Required action: Copy out the data below from the line containing "Außergewöhnlich geht es" to the line containing "Premium materijali: Površina", both lines included, with all images left out.

Data entries:
+++

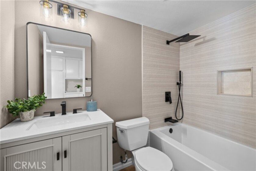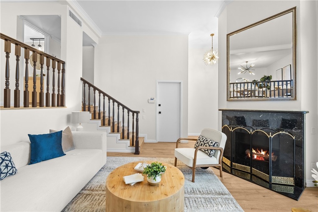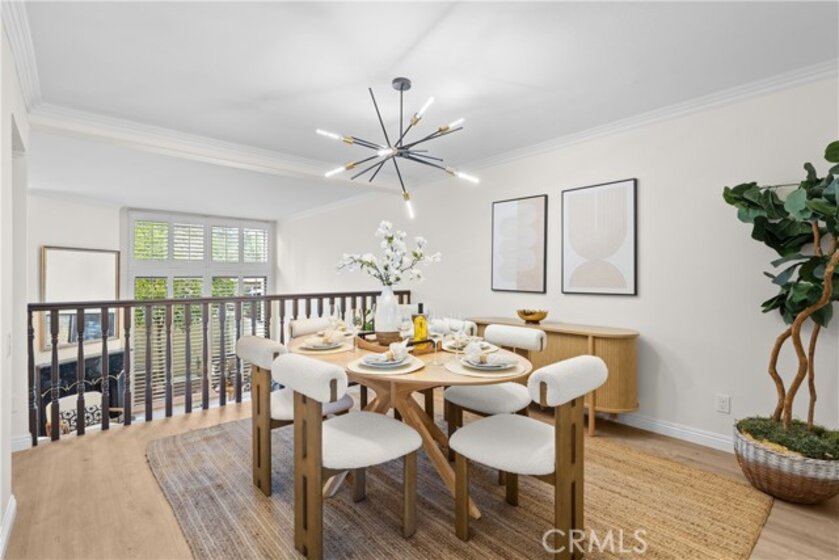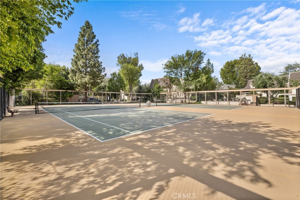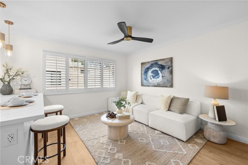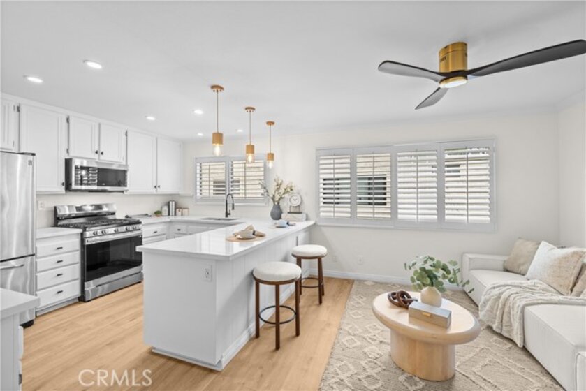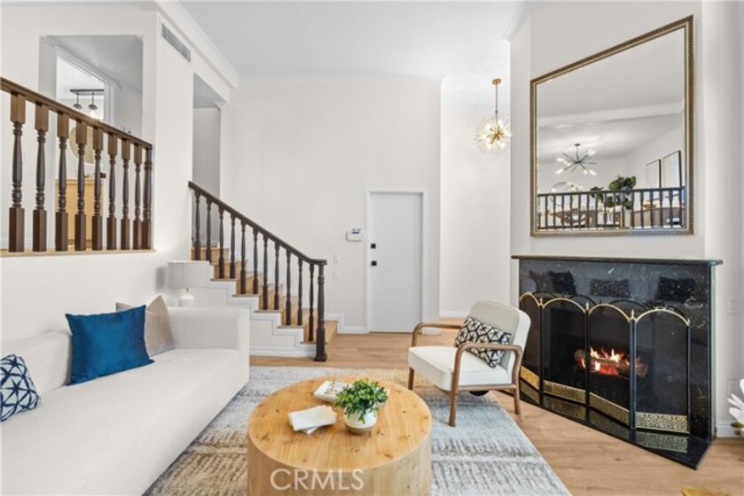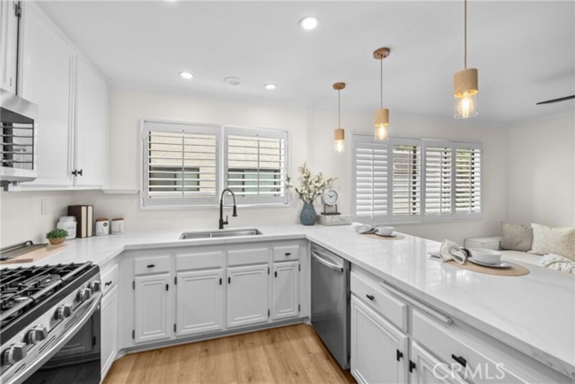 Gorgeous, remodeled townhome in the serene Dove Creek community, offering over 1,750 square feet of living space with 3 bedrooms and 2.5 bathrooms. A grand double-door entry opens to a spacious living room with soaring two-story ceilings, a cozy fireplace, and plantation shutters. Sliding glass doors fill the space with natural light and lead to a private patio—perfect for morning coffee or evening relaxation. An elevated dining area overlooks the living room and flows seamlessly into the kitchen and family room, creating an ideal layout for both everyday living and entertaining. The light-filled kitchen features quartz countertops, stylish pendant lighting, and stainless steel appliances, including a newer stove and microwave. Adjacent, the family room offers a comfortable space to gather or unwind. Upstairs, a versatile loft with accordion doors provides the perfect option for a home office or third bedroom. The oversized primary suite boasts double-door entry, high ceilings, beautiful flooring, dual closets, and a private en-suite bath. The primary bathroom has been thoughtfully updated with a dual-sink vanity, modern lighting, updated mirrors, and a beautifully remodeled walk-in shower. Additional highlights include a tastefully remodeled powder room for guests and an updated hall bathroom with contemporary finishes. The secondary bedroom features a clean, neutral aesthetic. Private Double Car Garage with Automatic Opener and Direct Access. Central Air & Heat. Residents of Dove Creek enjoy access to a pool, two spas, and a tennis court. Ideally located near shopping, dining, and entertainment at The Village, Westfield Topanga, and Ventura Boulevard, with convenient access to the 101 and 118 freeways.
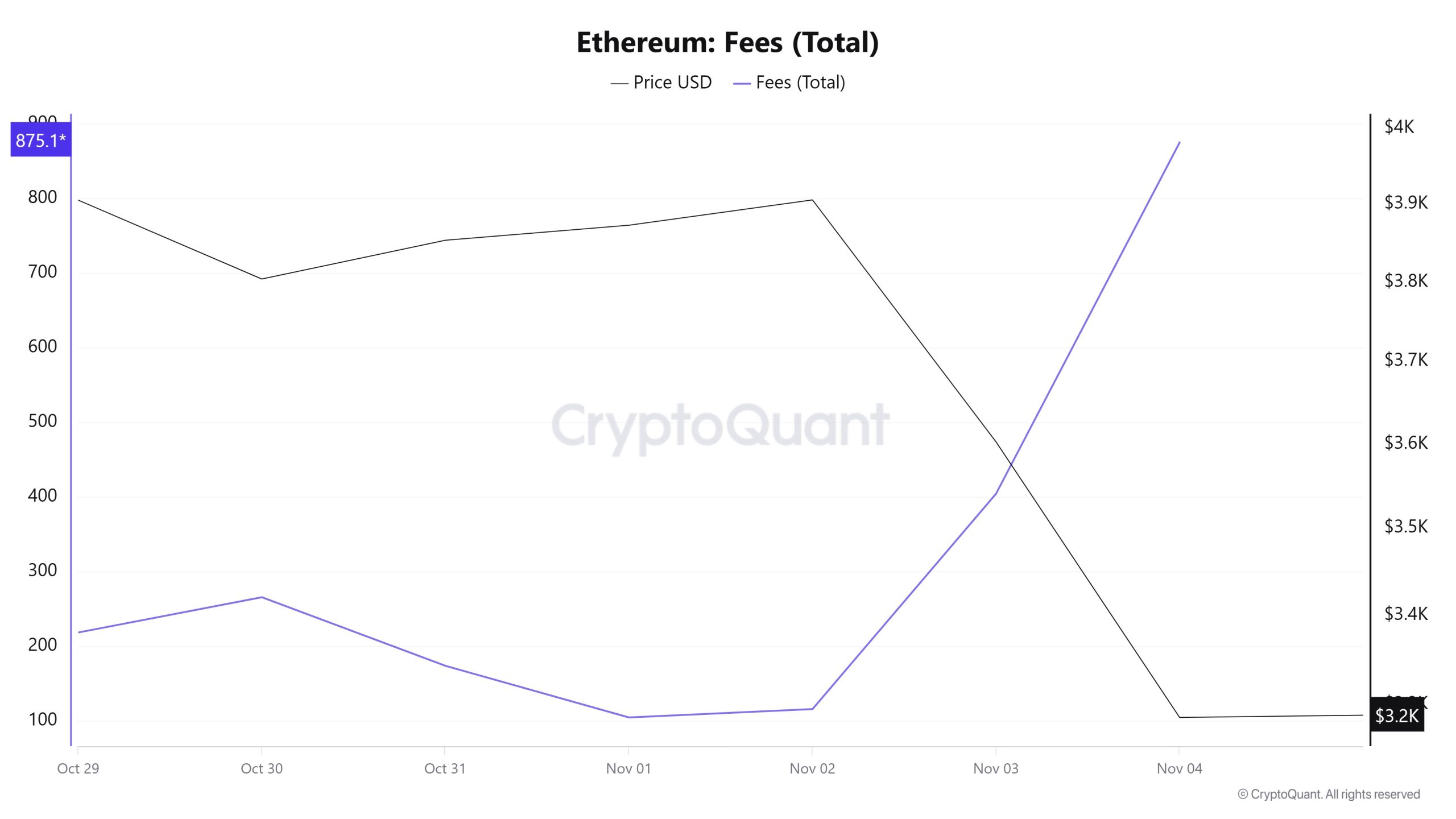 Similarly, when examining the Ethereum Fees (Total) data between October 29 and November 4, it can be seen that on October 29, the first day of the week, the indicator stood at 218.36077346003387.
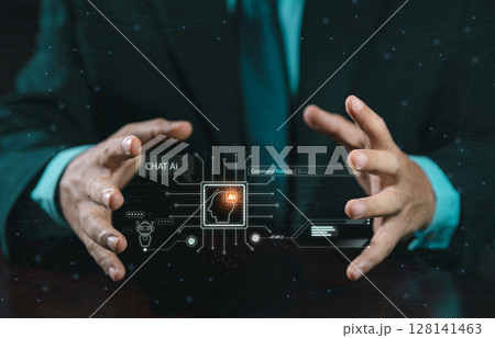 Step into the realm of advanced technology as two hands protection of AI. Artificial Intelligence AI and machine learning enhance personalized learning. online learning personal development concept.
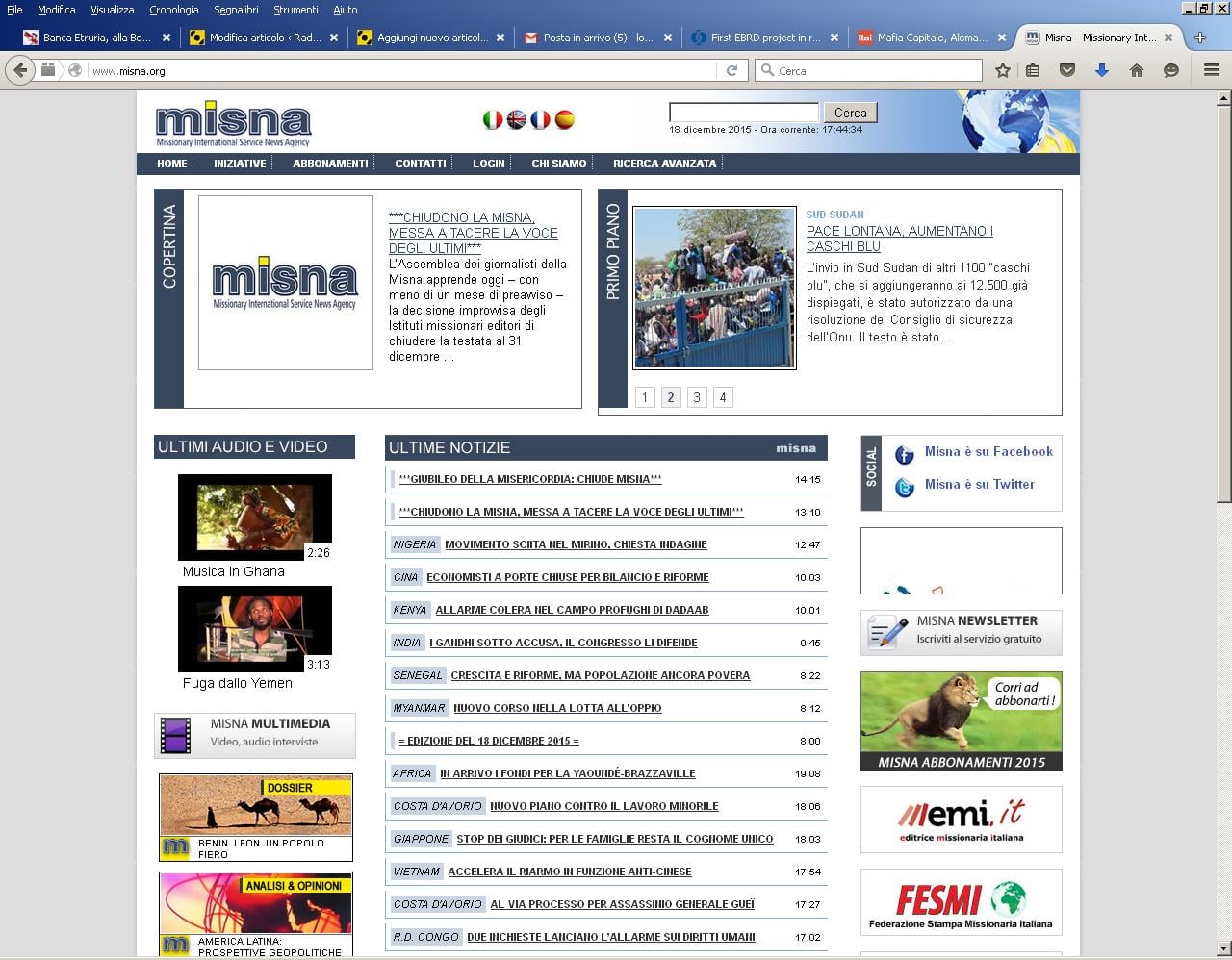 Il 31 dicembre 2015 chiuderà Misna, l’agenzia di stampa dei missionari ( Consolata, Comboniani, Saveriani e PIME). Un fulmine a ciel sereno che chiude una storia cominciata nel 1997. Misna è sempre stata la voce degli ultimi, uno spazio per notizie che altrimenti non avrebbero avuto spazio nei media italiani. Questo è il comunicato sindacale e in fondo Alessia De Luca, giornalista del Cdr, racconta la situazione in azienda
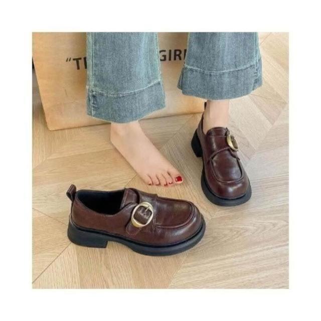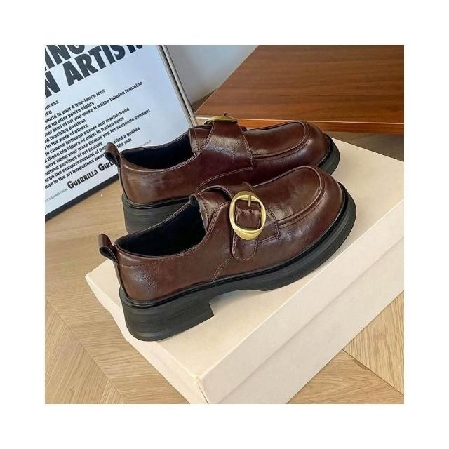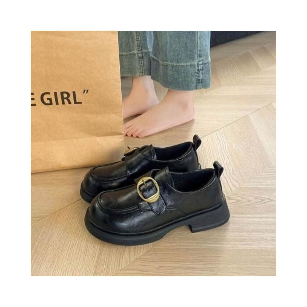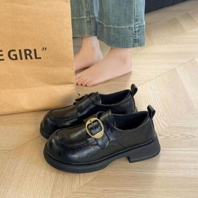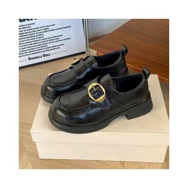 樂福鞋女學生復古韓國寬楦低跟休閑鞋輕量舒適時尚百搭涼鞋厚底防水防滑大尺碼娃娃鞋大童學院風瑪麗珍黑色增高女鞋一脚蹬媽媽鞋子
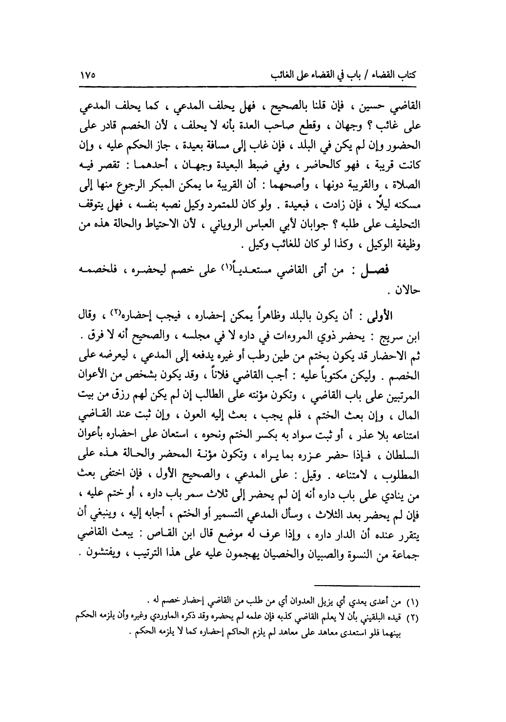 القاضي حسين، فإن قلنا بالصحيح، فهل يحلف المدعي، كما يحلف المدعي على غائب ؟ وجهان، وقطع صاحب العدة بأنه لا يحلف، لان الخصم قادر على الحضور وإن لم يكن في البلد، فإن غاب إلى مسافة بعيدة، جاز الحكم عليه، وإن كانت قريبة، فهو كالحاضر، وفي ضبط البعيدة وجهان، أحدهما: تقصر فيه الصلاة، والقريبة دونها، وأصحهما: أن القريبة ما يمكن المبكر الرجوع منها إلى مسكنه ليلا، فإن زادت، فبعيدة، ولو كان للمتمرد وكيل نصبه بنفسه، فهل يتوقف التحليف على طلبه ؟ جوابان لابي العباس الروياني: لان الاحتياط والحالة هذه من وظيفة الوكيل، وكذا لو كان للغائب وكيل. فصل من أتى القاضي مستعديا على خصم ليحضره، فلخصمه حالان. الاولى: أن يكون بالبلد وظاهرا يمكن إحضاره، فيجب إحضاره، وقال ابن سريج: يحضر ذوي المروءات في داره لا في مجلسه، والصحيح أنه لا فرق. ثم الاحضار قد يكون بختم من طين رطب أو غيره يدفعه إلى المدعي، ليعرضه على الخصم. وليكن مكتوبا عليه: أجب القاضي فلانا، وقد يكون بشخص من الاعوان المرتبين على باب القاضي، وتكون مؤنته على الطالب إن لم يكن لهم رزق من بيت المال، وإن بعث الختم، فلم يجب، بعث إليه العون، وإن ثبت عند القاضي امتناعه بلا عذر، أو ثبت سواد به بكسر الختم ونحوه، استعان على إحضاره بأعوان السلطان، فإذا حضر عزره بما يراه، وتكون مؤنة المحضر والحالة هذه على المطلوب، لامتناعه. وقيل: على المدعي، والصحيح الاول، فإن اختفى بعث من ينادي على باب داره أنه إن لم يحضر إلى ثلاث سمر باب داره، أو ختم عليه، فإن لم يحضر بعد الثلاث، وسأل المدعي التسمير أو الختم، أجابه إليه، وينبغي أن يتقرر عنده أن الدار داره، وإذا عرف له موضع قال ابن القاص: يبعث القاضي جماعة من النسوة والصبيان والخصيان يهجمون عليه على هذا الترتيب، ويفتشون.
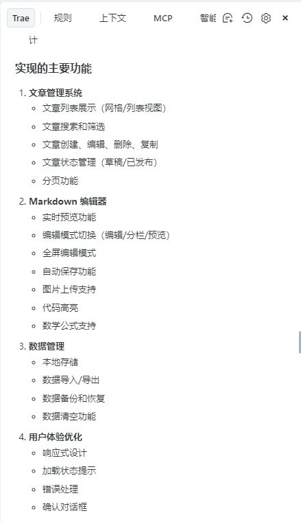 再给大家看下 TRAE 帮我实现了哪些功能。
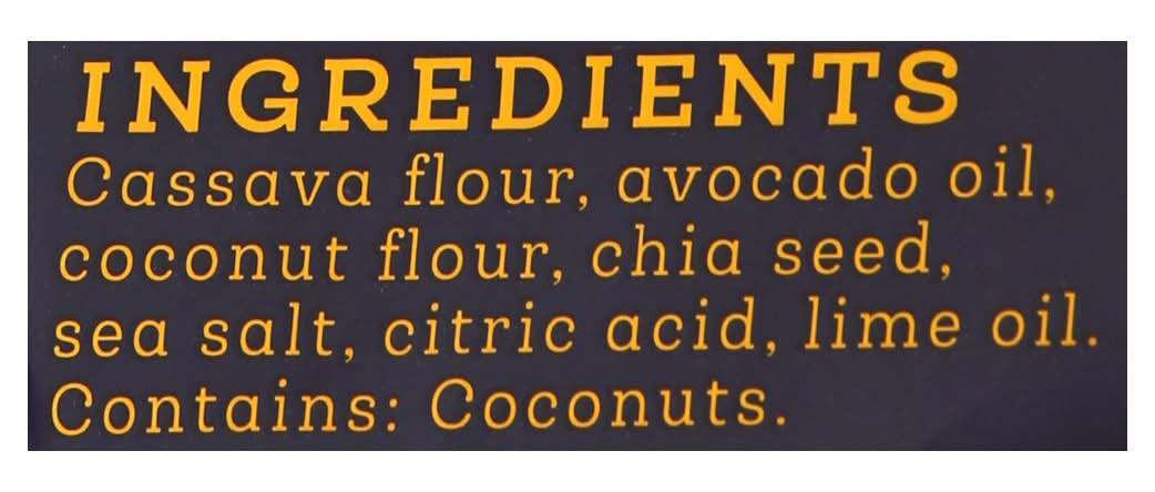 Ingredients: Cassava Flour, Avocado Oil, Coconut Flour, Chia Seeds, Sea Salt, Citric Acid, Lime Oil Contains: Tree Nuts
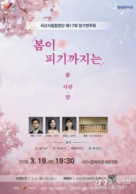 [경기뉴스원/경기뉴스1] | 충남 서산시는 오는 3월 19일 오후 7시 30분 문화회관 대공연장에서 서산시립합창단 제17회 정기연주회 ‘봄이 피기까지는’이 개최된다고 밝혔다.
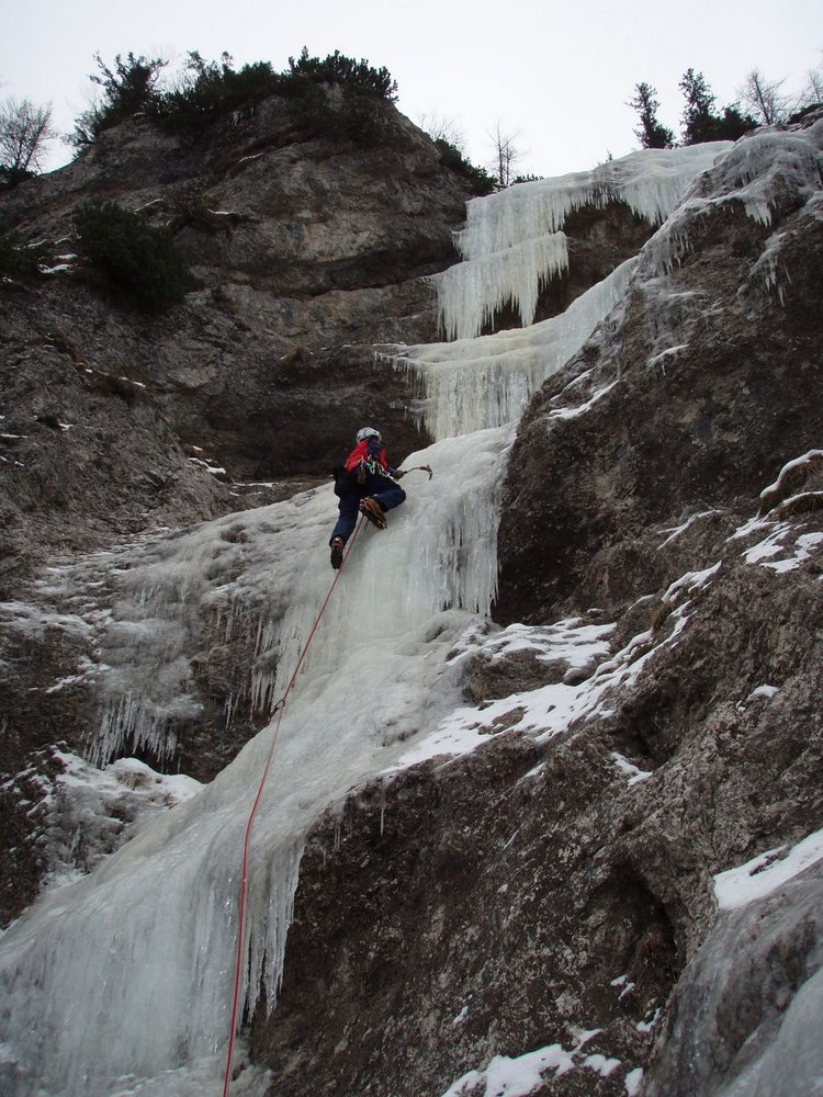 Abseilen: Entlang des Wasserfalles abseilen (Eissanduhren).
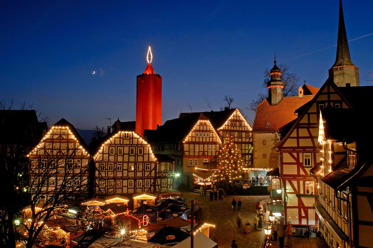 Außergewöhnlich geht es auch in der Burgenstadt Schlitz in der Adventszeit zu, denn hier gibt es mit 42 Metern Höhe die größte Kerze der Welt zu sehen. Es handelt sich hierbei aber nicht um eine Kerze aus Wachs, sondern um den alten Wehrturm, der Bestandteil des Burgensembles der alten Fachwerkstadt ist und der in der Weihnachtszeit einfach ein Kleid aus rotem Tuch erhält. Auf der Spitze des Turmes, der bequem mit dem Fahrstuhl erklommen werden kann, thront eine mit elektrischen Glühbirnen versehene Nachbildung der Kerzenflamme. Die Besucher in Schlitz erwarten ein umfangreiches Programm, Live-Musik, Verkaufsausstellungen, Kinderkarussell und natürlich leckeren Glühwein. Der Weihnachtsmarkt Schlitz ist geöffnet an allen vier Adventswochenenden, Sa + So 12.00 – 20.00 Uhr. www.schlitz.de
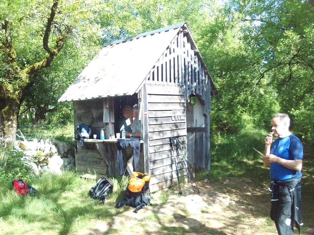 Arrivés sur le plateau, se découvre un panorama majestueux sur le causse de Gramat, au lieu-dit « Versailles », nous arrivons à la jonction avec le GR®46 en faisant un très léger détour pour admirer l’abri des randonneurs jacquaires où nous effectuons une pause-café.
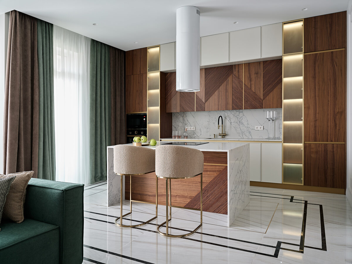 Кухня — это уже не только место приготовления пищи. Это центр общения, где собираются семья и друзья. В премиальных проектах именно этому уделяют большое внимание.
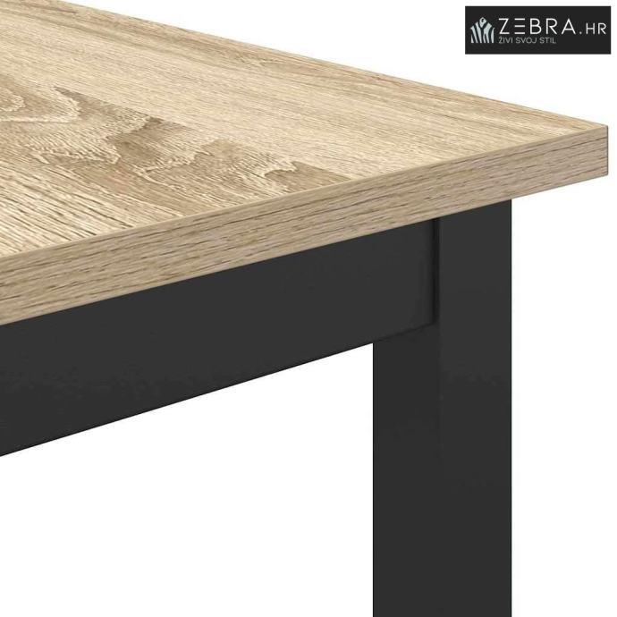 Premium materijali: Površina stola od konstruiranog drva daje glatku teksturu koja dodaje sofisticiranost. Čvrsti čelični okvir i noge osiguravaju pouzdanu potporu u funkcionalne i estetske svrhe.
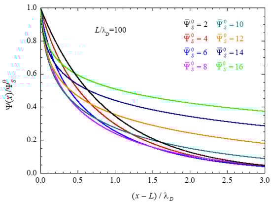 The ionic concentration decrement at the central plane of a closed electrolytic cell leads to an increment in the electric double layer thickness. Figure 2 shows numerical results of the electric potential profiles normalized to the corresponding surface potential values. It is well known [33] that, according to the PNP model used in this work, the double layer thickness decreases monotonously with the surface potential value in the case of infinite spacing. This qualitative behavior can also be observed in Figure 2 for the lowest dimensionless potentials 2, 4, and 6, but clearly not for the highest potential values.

+++

Completed exercise:
 Außergewöhnlich geht es auch in der Burgenstadt Schlitz in der Adventszeit zu, denn hier gibt es mit 42 Metern Höhe die größte Kerze der Welt zu sehen. Es handelt sich hierbei aber nicht um eine Kerze aus Wachs, sondern um den alten Wehrturm, der Bestandteil des Burgensembles der alten Fachwerkstadt ist und der in der Weihnachtszeit einfach ein Kleid aus rotem Tuch erhält. Auf der Spitze des Turmes, der bequem mit dem Fahrstuhl erklommen werden kann, thront eine mit elektrischen Glühbirnen versehene Nachbildung der Kerzenflamme. Die Besucher in Schlitz erwarten ein umfangreiches Programm, Live-Musik, Verkaufsausstellungen, Kinderkarussell und natürlich leckeren Glühwein. Der Weihnachtsmarkt Schlitz ist geöffnet an allen vier Adventswochenenden, Sa + So 12.00 – 20.00 Uhr. www.schlitz.de
 Arrivés sur le plateau, se découvre un panorama majestueux sur le causse de Gramat, au lieu-dit « Versailles », nous arrivons à la jonction avec le GR®46 en faisant un très léger détour pour admirer l’abri des randonneurs jacquaires où nous effectuons une pause-café.
 Кухня — это уже не только место приготовления пищи. Это центр общения, где собираются семья и друзья. В премиальных проектах именно этому уделяют большое внимание.
 Premium materijali: Površina stola od konstruiranog drva daje glatku teksturu koja dodaje sofisticiranost. Čvrsti čelični okvir i noge osiguravaju pouzdanu potporu u funkcionalne i estetske svrhe.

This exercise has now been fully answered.